■ **Problem to work on**: Return every record below exactly as given, images excluded.

■ **Data**:
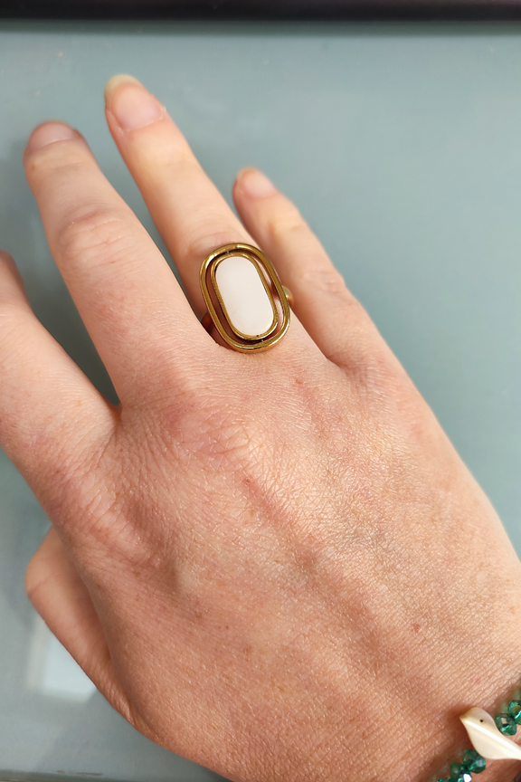 Flirtez avec l'รฉlรฉgance en toute saison en associant cette bague Milรซ Mila ร une manucure soignรฉe et un pull doux aux tons neutres. โข Bague en acier inoxydable โข Forme ovale รฉpurรฉe โข Bicolore blanc et dorรฉ et autre cotรฉ noir
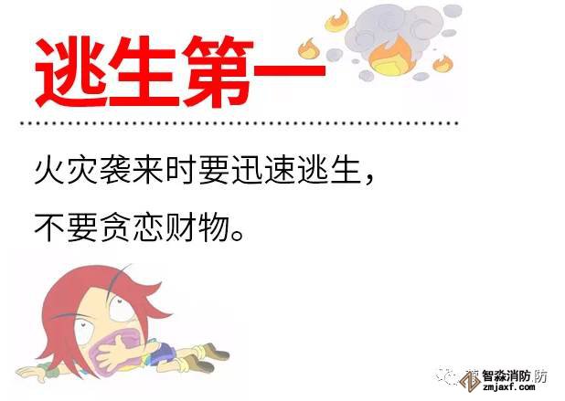 1、火災襲來時要迅速逃生,不要貪戀財物,不要貪戀財物,不要貪戀財物!PS:重要的事情說三遍!
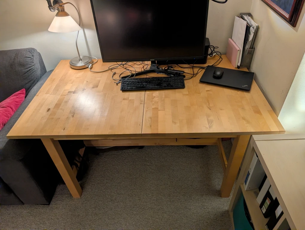 Selling a used IKEA extendable dining table. It's in good condition and perfect for small spaces that need extra table space sometimes. The table is a light wood colour. The IKEA Norden Extendable Table has an overall height of 29.13” (74 cm), adjustable width between 61”-82.7” (155-210 cm), and depth of 35.4” (90 cm).
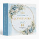 Celebra un momento inolvidable con este álbum de recuerdos personalizado para Quinceañera / 15 años, diseñado en un delicado estilo boho o bohemio. La combinación de tonos azul polvo, azul pastel y azul claro, junto con flores suaves, eucalipto y follaje verde, crea una estética elegante y moderna, realzada con detalles en dorado que aportan un toque de lujo y distinción.
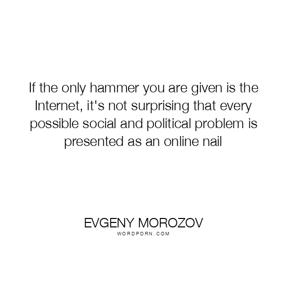 If the only hammer you are given is the Internet, it's not surprising that every possible social and political problem is presented as an online nail

■ **Answer section**:
 Flirtez avec l'รฉlรฉgance en toute saison en associant cette bague Milรซ Mila ร une manucure soignรฉe et un pull doux aux tons neutres. โข Bague en acier inoxydable โข Forme ovale รฉpurรฉe โข Bicolore blanc et dorรฉ et autre cotรฉ noir
 1、火災襲來時要迅速逃生,不要貪戀財物,不要貪戀財物,不要貪戀財物!PS:重要的事情說三遍!
 Selling a used IKEA extendable dining table. It's in good condition and perfect for small spaces that need extra table space sometimes. The table is a light wood colour. The IKEA Norden Extendable Table has an overall height of 29.13” (74 cm), adjustable width between 61”-82.7” (155-210 cm), and depth of 35.4” (90 cm).
 Celebra un momento inolvidable con este álbum de recuerdos personalizado para Quinceañera / 15 años, diseñado en un delicado estilo boho o bohemio. La combinación de tonos azul polvo, azul pastel y azul claro, junto con flores suaves, eucalipto y follaje verde, crea una estética elegante y moderna, realzada con detalles en dorado que aportan un toque de lujo y distinción.
 If the only hammer you are given is the Internet, it's not surprising that every possible social and political problem is presented as an online nail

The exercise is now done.